Within the listing below, the lines to output run from the one containing "本製品は第三世代以降のiPod、iPod mini、iPod Shuffle、iPod" through the one containing "新民晚报记者从上海洋山港海事"; copy them exactly and nothing else.

*** Opening of Available data ***

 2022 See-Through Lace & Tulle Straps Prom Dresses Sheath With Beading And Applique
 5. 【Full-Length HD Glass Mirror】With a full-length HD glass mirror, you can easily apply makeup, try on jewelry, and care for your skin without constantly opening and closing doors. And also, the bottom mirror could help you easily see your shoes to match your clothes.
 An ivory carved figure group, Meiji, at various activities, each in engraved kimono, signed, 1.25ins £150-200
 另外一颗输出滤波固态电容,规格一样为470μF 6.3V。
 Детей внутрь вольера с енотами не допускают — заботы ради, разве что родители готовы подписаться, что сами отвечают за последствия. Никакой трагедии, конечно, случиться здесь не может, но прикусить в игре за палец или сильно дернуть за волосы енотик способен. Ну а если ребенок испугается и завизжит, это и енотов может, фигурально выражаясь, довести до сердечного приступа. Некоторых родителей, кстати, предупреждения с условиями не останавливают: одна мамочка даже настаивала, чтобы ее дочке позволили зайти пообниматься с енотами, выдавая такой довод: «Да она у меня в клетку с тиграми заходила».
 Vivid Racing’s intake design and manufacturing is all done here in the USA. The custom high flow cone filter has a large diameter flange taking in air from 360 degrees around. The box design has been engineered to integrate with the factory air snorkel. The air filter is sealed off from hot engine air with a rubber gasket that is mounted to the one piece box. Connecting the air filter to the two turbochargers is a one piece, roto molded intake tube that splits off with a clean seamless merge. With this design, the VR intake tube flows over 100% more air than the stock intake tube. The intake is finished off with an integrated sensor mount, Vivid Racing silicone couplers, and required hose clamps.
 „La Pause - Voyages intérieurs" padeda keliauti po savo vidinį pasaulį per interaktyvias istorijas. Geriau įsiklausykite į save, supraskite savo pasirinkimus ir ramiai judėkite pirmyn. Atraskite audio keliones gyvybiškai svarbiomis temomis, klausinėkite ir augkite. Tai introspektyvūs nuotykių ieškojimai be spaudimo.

*** Close of Available data ***
*** Opening of Available data ***

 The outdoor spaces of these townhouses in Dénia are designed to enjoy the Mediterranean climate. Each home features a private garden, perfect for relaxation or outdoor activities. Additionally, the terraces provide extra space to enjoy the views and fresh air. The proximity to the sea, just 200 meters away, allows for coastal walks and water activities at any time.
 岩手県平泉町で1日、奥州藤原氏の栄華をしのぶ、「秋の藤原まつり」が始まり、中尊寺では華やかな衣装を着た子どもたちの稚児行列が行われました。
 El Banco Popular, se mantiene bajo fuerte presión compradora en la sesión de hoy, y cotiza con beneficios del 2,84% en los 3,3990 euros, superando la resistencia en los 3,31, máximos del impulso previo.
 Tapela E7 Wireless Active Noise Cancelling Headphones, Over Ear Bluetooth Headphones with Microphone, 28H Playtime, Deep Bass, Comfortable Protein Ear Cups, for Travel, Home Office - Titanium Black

*** Close of Available data ***
*** Opening of Available data ***

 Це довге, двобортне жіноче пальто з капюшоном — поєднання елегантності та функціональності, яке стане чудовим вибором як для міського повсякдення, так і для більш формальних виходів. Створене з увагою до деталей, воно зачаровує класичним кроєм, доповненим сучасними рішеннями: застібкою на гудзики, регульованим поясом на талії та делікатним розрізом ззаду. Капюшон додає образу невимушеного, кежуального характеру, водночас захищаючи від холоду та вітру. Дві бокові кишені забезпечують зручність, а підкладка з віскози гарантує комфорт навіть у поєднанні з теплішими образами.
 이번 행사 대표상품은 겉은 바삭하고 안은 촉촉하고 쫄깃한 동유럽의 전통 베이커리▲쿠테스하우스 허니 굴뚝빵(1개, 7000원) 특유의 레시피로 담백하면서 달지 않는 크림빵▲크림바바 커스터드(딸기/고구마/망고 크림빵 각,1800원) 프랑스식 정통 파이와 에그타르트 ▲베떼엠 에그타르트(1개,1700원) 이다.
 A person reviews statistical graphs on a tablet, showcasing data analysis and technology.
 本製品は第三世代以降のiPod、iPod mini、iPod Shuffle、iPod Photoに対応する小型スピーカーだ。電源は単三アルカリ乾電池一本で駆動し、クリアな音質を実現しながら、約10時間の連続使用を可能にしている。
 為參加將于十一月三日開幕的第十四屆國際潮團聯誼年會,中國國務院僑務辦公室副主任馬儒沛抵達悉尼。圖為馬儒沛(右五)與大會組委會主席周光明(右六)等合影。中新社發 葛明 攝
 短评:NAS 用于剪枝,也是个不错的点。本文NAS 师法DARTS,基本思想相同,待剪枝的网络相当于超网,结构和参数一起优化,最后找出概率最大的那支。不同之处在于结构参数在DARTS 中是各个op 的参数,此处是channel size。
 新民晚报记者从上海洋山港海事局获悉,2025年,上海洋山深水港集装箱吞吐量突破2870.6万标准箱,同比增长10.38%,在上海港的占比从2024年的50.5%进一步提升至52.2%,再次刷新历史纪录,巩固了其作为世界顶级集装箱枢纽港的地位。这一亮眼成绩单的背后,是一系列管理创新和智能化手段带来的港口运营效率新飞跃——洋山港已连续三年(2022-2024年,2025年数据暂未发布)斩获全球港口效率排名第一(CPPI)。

*** Close of Available data ***

# Final answer
 本製品は第三世代以降のiPod、iPod mini、iPod Shuffle、iPod Photoに対応する小型スピーカーだ。電源は単三アルカリ乾電池一本で駆動し、クリアな音質を実現しながら、約10時間の連続使用を可能にしている。
 為參加將于十一月三日開幕的第十四屆國際潮團聯誼年會,中國國務院僑務辦公室副主任馬儒沛抵達悉尼。圖為馬儒沛(右五)與大會組委會主席周光明(右六)等合影。中新社發 葛明 攝
 短评:NAS 用于剪枝,也是个不错的点。本文NAS 师法DARTS,基本思想相同,待剪枝的网络相当于超网,结构和参数一起优化,最后找出概率最大的那支。不同之处在于结构参数在DARTS 中是各个op 的参数,此处是channel size。
 新民晚报记者从上海洋山港海事局获悉,2025年,上海洋山深水港集装箱吞吐量突破2870.6万标准箱,同比增长10.38%,在上海港的占比从2024年的50.5%进一步提升至52.2%,再次刷新历史纪录,巩固了其作为世界顶级集装箱枢纽港的地位。这一亮眼成绩单的背后,是一系列管理创新和智能化手段带来的港口运营效率新飞跃——洋山港已连续三年(2022-2024年,2025年数据暂未发布)斩获全球港口效率排名第一(CPPI)。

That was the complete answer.